From outer space, the Four Corners area of New Mexico stands out.
While blue, purple and occasional yellow pixels fill the rest of the continental United States in a satellite image released by NASA in October, the lone searing red dot camps over New Mexico, not far from its intersection with Colorado, Utah and Arizona.
The red dot indicates a methane hot spot spanning 2,500 square miles, unrivaled by even the heartland and southern oil patches where unprecedented oil extraction is taking place, thanks to increased reliance on evolving hydraulic fracturing technology.
The NASA satellites can’t identify what’s causing the methane gush over northwestern New Mexico. But scientists from Los Alamos National Laboratory believe they’ve found the source, and they don’t blame fracking, even though New Mexico’s San Juan Basin is among the most productive oil-extraction sites in the country.
“We confirmed that it’s most likely coal-bed methane,” said Manvendra Dubey, a leading researcher at the lab on the project that pegged the source of the enormous fugitive methane cloud.
The methane study was among 12 projects lab officials identified as the top scientific breakthroughs at LANL in 2014. Others included tracking Internet traffic to articles about diseases as an indicator of their spread, creation of simulated human organs that could replace animals in medical tests and a laser chosen for NASA’s 2020 Mars mission, to name a few.
The lab’s scientific work has been overshadowed this year by the Feb. 14 rupture of a drum of nuclear waste at the Waste Isolation Pilot Plant near Carlsbad. The drum that ruptured originated at LANL, and the volatile components it contained were not identified in the lab’s formal description of the waste. A multitude of federal investigations are reviewing the incident.

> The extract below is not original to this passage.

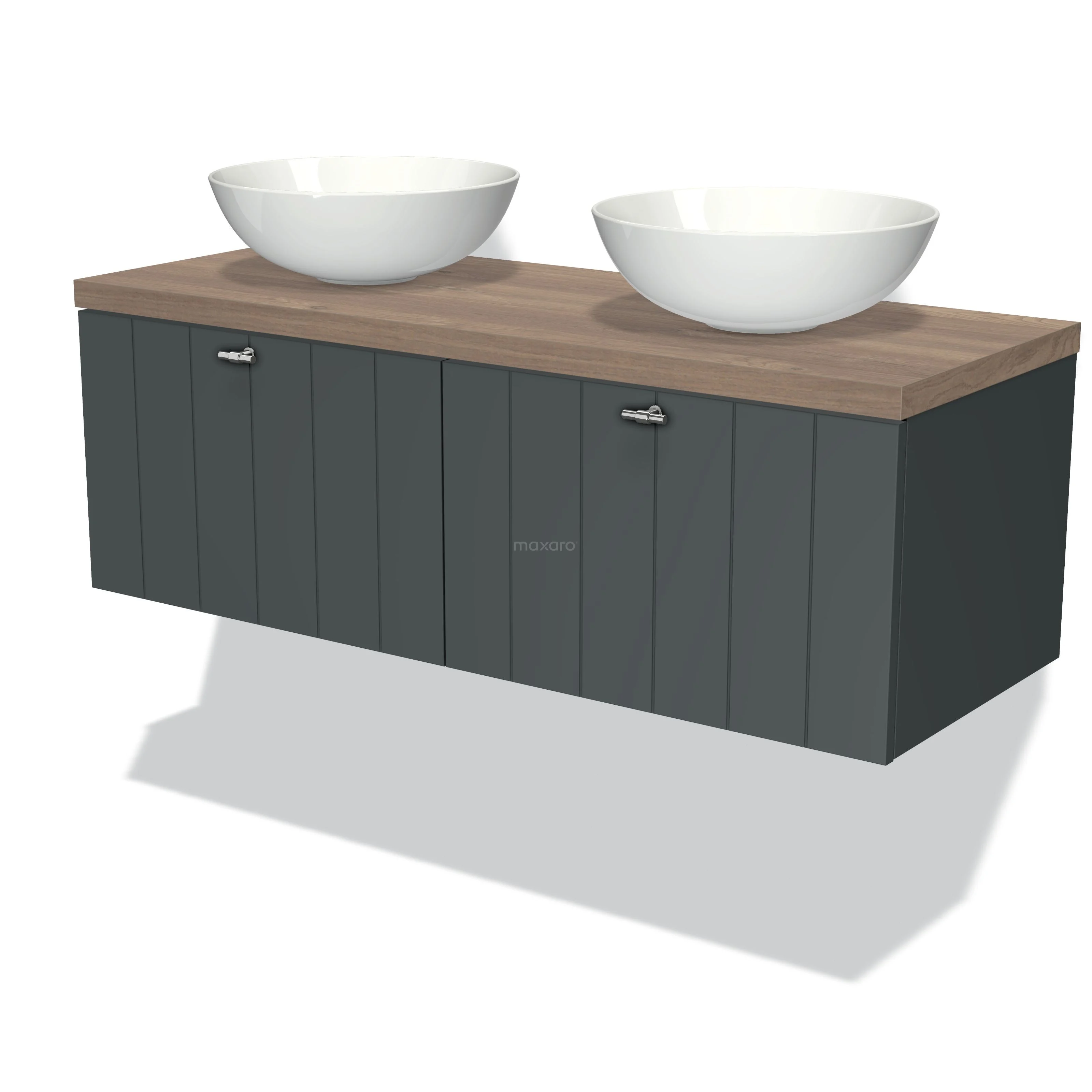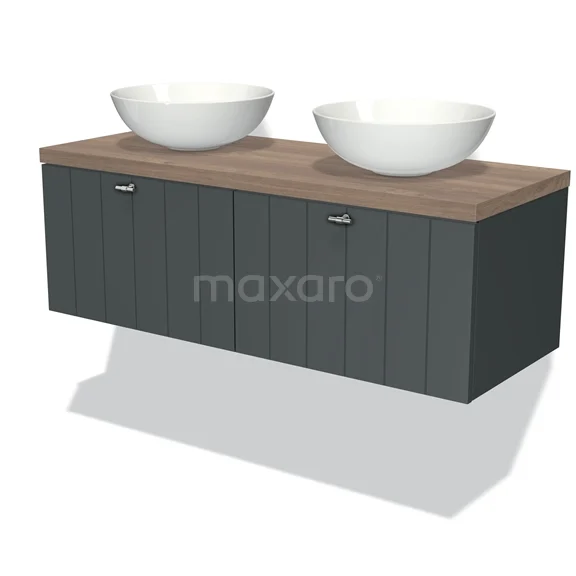 Badmöbel für Waschtischunterschrank mit Konsole 120cm Modulo Plato Dunkelgrau 2 Schubladen Lamelle Mittelbraune Eiche Platte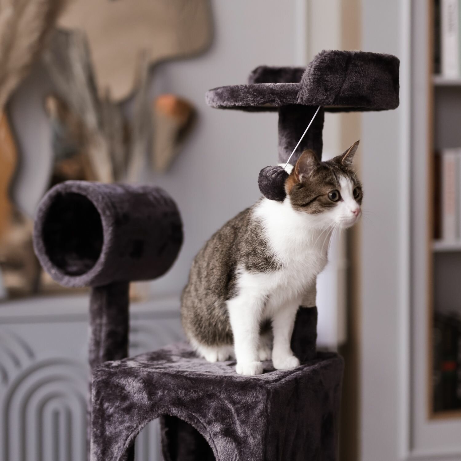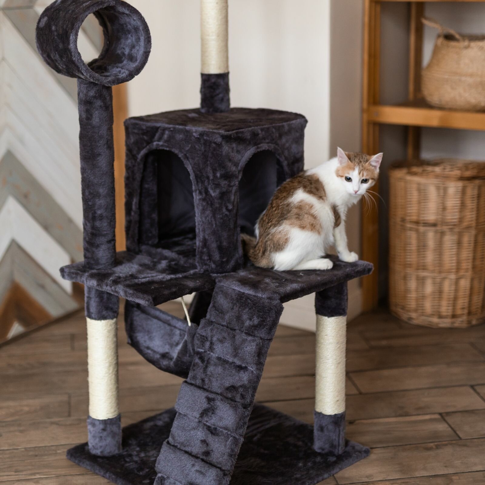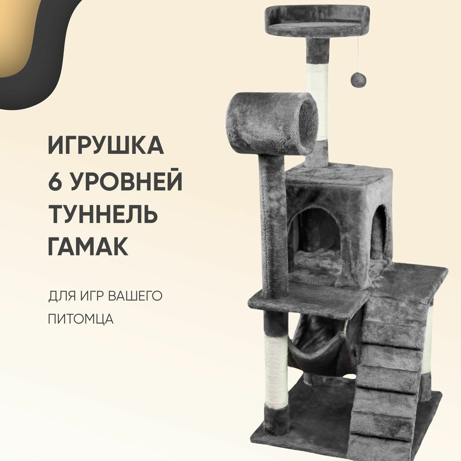 Когтеточка-комплекс для кошек, для котов, для животных, "Не Один Дома" Блэки, черный, 48х48х125 см интересное:

“The breadth of scientific expertise and range of disciplines necessary for supporting Los Alamos’ national security mission can be seen when reflecting on some of the year’s more visible accomplishments,” said Alan Bishop, principal associate director for science, technology and engineering at LANL. “Los Alamos remains proud of its legacy of using world-class science to address some of the world’s most pressing and difficult problems.”
The methane study’s findings have come under fire from oil and gas industry interests that say researchers have downplayed a historical record of naturally occurring methane escapes in the San Juan Basin, and environmental groups that contended it downplayed fracking’s contribution to the hot spot.
But Dubey defended the science that points to coal-bed methane as the likely source of the hot spot. Los Alamos scientists embarked on the project without an objective in mind, Dubey said. In fact, they originally set out to measure something entirely different than the methane emissions that ultimately stepped to the fore of the study.
The project began with the goal of gauging whether coal-fired power plants in northwestern New Mexico were accurately measuring their emissions of carbon dioxide and nitrogen oxides. It turns out that the plants’ emissions readings were accurate, Dubey said. But on their way to reaching that conclusion, Los Alamos’ researchers reviewing ground-level pollutant readings discovered a curious methane presence. It was unexpected because methane is not a byproduct of the coal-powered plants.
“We saw these methane signals,” Dubey said. “They were subtle. … It started off as a serendipitous discovery.”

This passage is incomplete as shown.